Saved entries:
┏━━
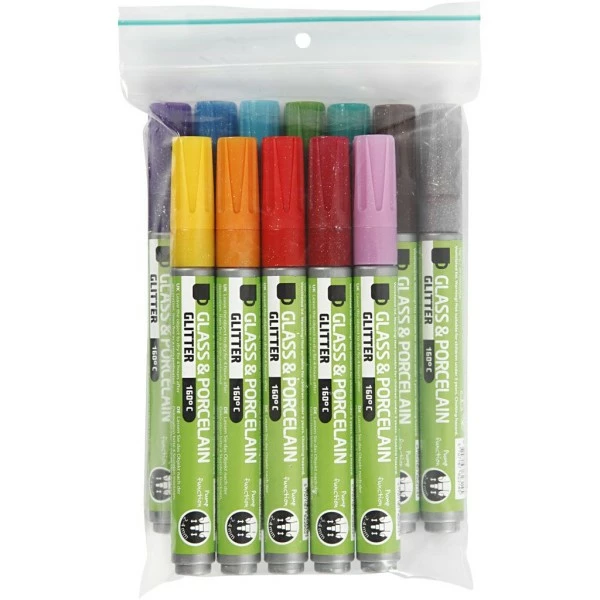 Grâce à ce set de 12 feutres de couleurs standards et pailletées vous pourrez décorez facilement des supports en verre, céramique, porcelaine ou même le métal.
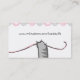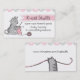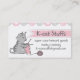 Cute updated vintage kitty cat with knitting needles and ball of yarn in grey and pink on business cards or large 'handmade with love' gift tags, product tags or hang tags for knitter or yarn crafts.
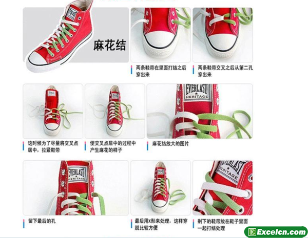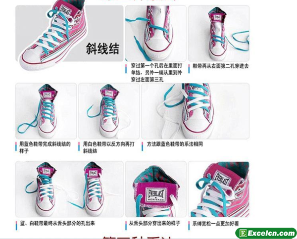 上面一共给大家推荐了4中高帮鞋带的系法图解,大家可以每隔一天换一种系鞋带的方法,保证让你在朋友中眼前一亮,还有更多的系鞋带方法,欢迎大家都分享出来。
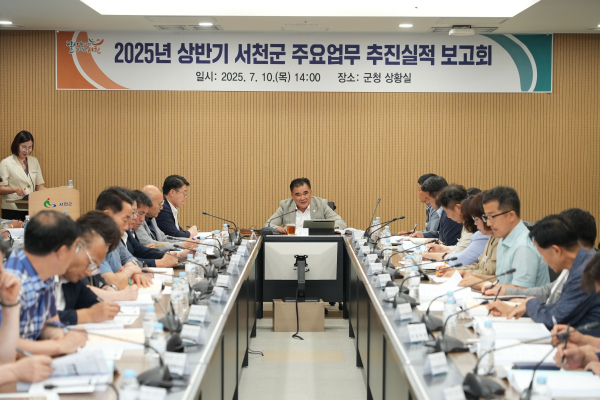 [충청뉴스 서천 = 조홍기 기자] 서천군은 10일 군청 상황실에서 김기웅 군수를 비롯한 부군수, 국·소장, 부서장 등 70여 명이 참석한 가운데 2025년 상반기 주요업무 추진실적 보고회를 개최했다.
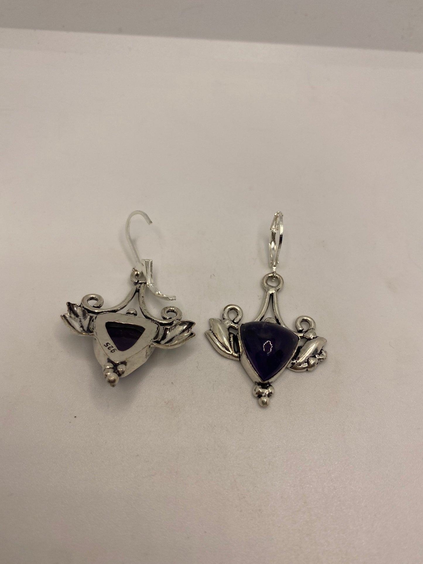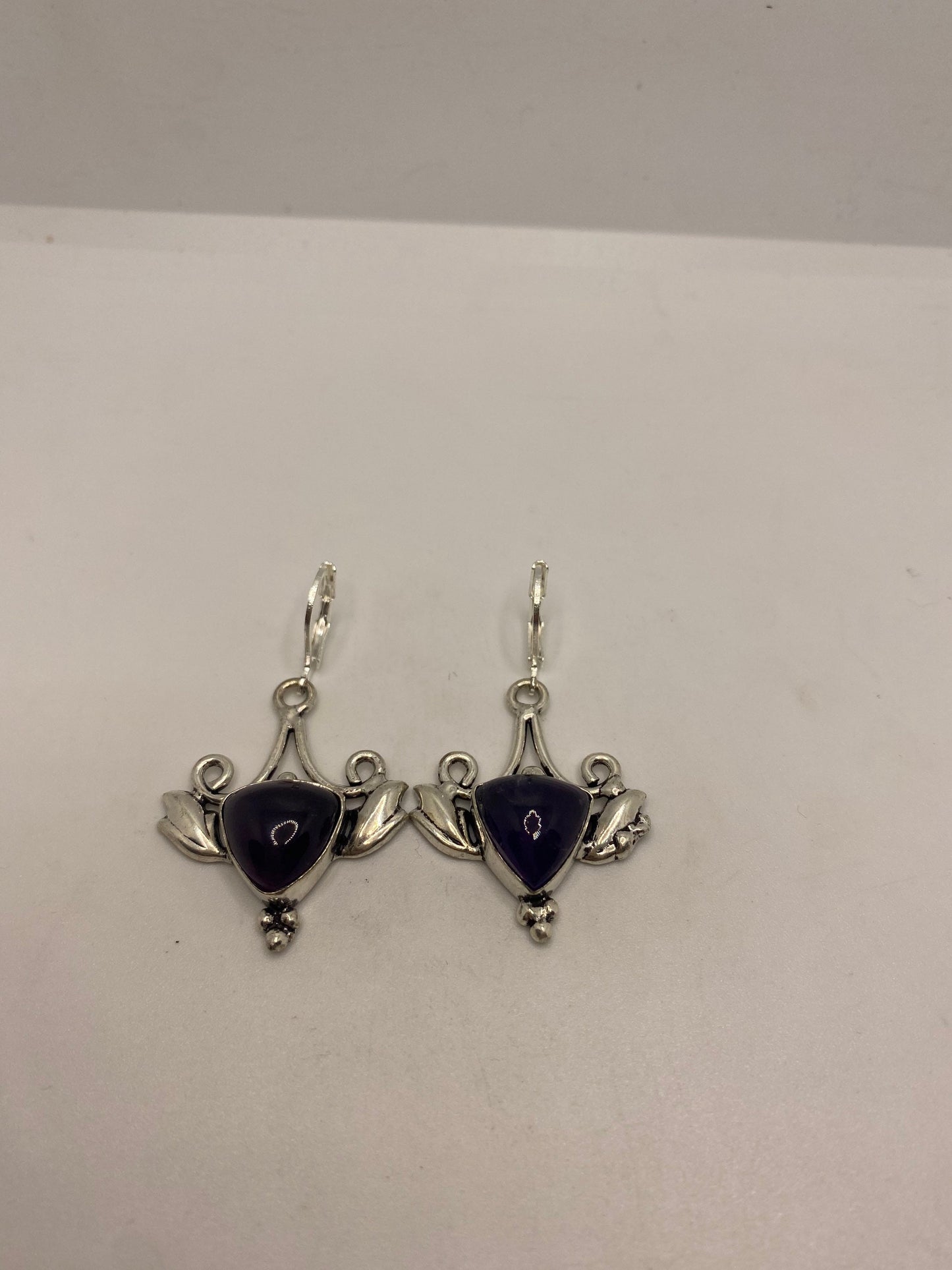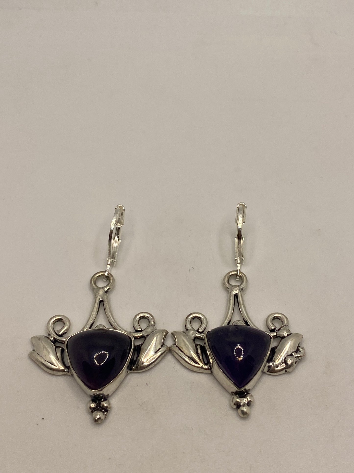 Vintage Purple Amethyst Earrings 925 Sterling Silver Leverback
┗━━
## TASK OBJECTIVE
Pictures are not part of the answer. Restate word for word the lines from the one with "上面一共给大家推荐了4中高帮" through the last line of the records.

## RESULT
 上面一共给大家推荐了4中高帮鞋带的系法图解,大家可以每隔一天换一种系鞋带的方法,保证让你在朋友中眼前一亮,还有更多的系鞋带方法,欢迎大家都分享出来。
 [충청뉴스 서천 = 조홍기 기자] 서천군은 10일 군청 상황실에서 김기웅 군수를 비롯한 부군수, 국·소장, 부서장 등 70여 명이 참석한 가운데 2025년 상반기 주요업무 추진실적 보고회를 개최했다.
 Vintage Purple Amethyst Earrings 925 Sterling Silver Leverback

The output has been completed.